A Vite plugin can additionally specify an enforce property (similar to webpack loaders) to adjust its application order. The value of enforce can be either "pre" or "post". The resolved plugins will be in the following order:

  • Alias
  • User plugins with enforce: 'pre'
  • Vite core plugins
  • User plugins without enforce value
  • Vite build plugins
  • User plugins with enforce: 'post'
  • Vite post build plugins (minify, manifest, reporting)

Conditional Application

By default plugins are invoked for both serve and build.

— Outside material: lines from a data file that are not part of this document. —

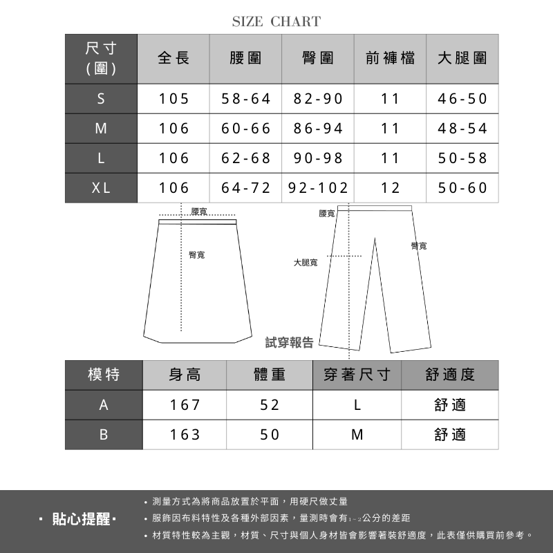 XL號:全長106 腰圍64-72 臀圍92-102 前襠長12 腿圍50-60 cm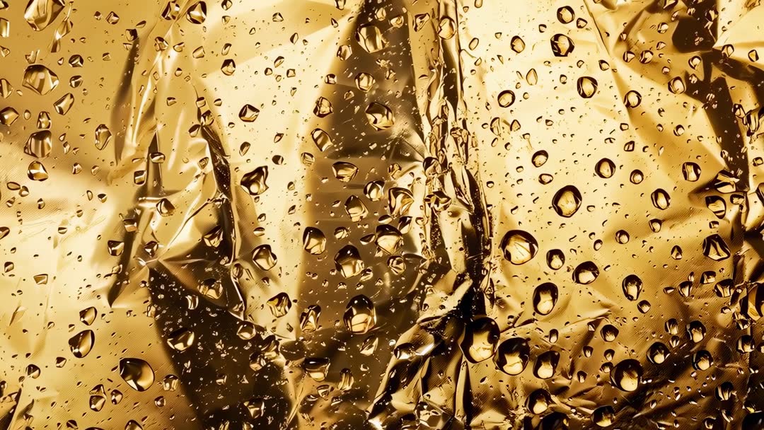 AI Generated Image. Video showing panning over crumpled gold foil with water droplets and vertical crease, capturing macro metallic texture and reflective highlights. Warm golden tones and shallow depth of field creating cinematic shimmer and abstract patterns. Suiting luxury product packaging, cosmetic and jewelry promos, title sequences, looping website backgrounds, social media adverts, and editorial motion pieces. Providing high-detail texture plates for CGI overlays, texture mapping, and graphic design. Supporting mood reels, branding promos, event visuals, and premium packaging mockups. Featuring AI-generated asset label for licensing and metadata. Optimizing for color grading and seamless looping.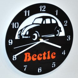 Reloj de pared fabricado a mano con metacrilato negro de 3 mm de grosor en la parte delantera, y metacrilato blanco de 2 mm de grosor en el fondo. Diseño inspirado en el icónico coche Beetle o "Escarabajo".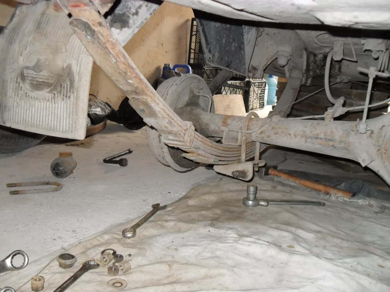 Масик так и спал, пока я не пришел к нему :) Первым делом хотел наконец разобраться с задней подвеской. Скинул снова рессоры и разобрал. Вместо 6 листов оставил 4. Думаю хватит этого.
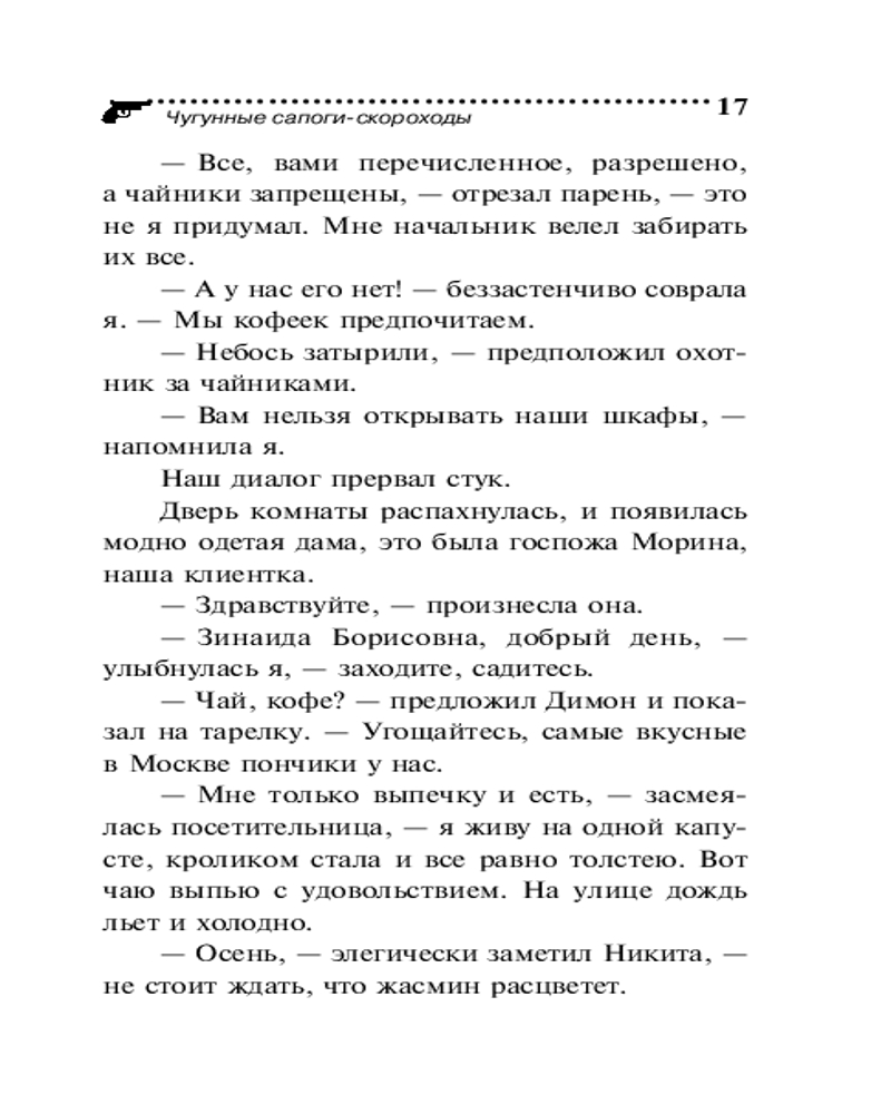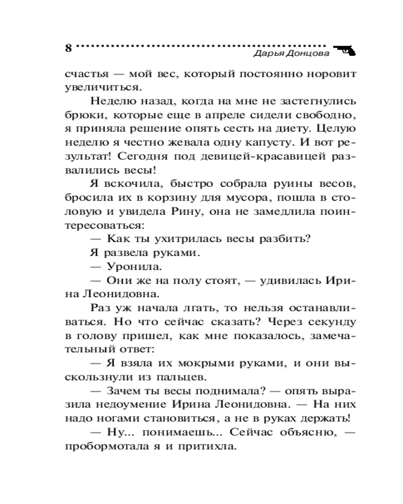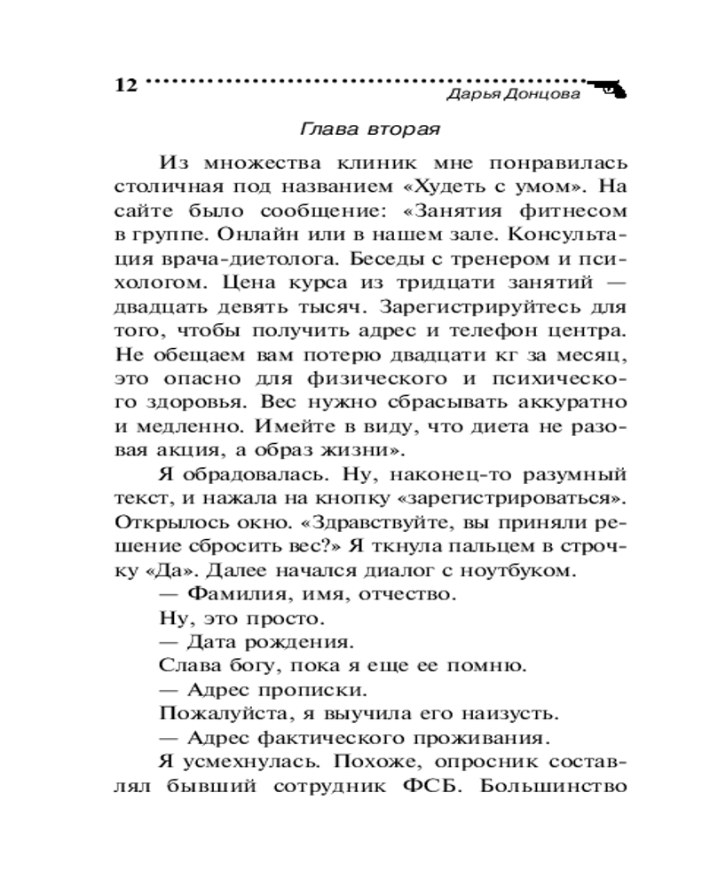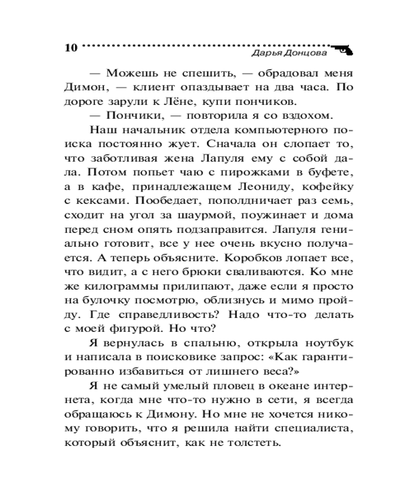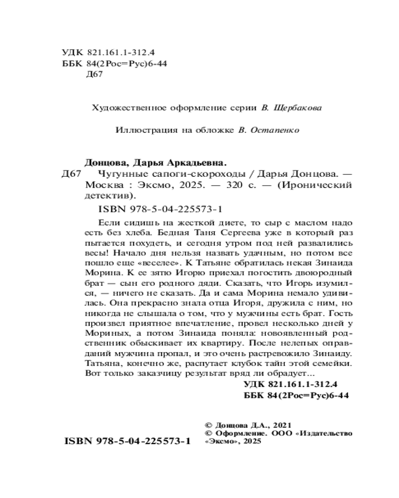 Серия: Иронический детектив Д. Донцовой (эконом) (обложка) Если сидишь на жесткой диете, то сыр с маслом надо есть без хлеба. Бедная Таня Сергеева уже в который раз пытается похудеть, и сегодня утром под ней развалились весы! Начало дня нельзя назвать удачным, но потом все пошло еще «веселее». К Татьяне обратилась некая Зинаида Морина. К ее зятю Игорю приехал погостить двоюродный брат — сын его родного дяди. Сказать, что Игорь изумился — ничего не сказать. Да и сама Морина немало удивилась. Она прекрасно знала отца Игоря, дружила с ним, но никогда не слышала о том, что у мужчины есть брат. Гость произвел приятное впечатление, провел несколько дней у Мориных, а потом Зинаида поняла: новоявленный родственник обыскивает их квартиру. После нелепых оправданий мужчина пропал, и это очень растревожило Зинаиду. Татьяна, конечно же, распутает клубок тайн этой семейки. Вот только заказчицу результат вряд ли обрадует... |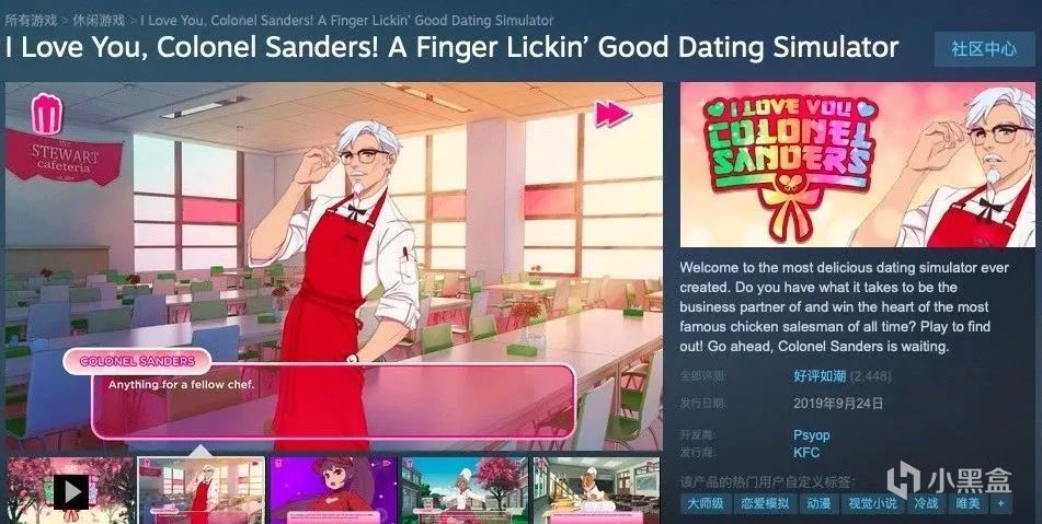不過,這並不是KFC在遊戲界的唯一波瀾:你還可以在另一款上架Steam的遊戲中,與山德士上校進行約會。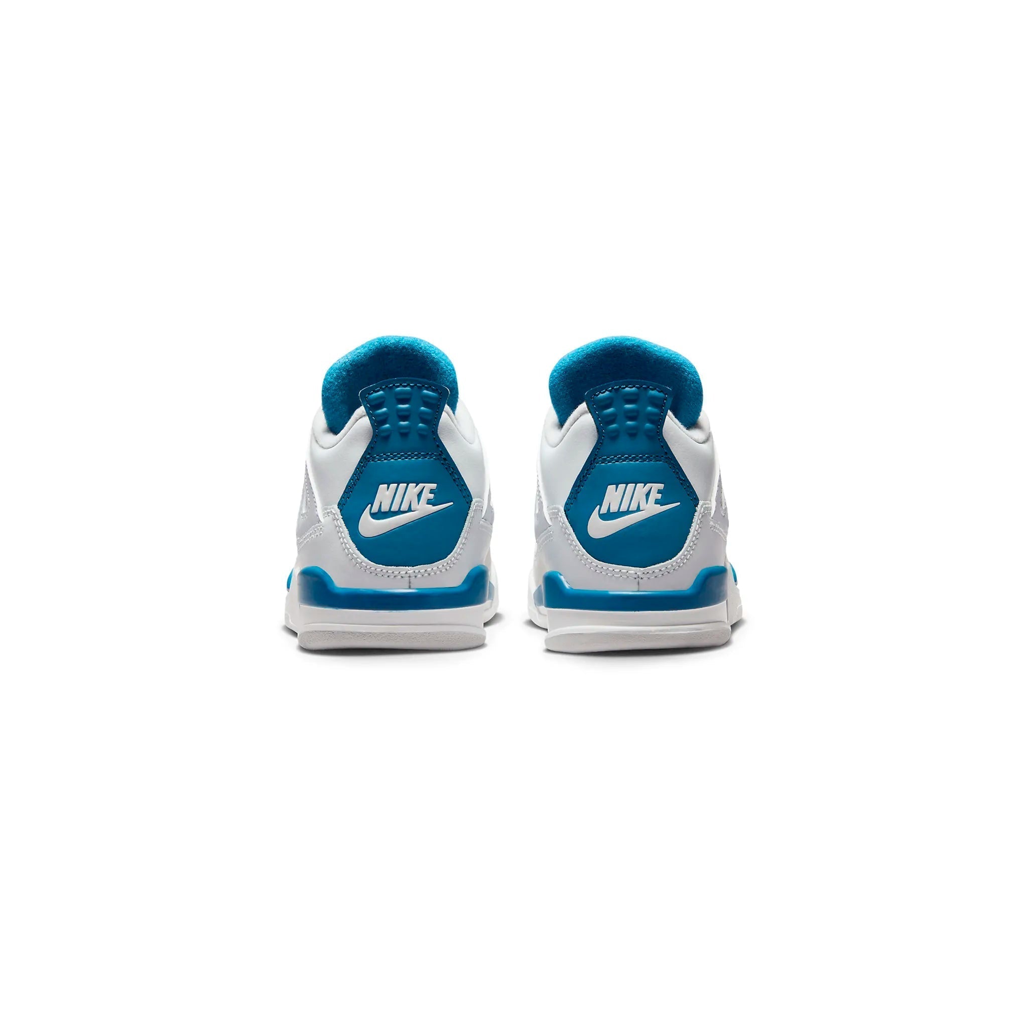 The Air Jordan 4 Retro Military Blue (2024) (PS) is a kids' shoe featuring an off-white leather upper with classic AJ4 design elements. The shoe includes quarter panel netting, TPU support wings, a blue Jumpman logo on the tongue, and Nike Air branding on the back tab. A two-tone foam midsole provides cushioning, while a herringbone-traction rubber outsole offers grip and stability.

In cases where a plugin needs to be conditionally applied only during serve or build, use the apply property to only invoke them during 'build' or 'serve':

function myPlugin() {
  return {
    name: 'build-only',
    apply: 'build' // or 'serve'
  }
}

A function can also be used for more precise control:

apply(config, { command }) {
  // apply only on build but not for SSR
  return command === 'build' && !config.build.ssr
}

Rollup Plugin Compatibility

A fair number of Rollup plugins will work directly as a Vite plugin (e.g. @rollup/plugin-alias or @rollup/plugin-json), but not all of them, since some plugin hooks do not make sense in an unbundled dev server context.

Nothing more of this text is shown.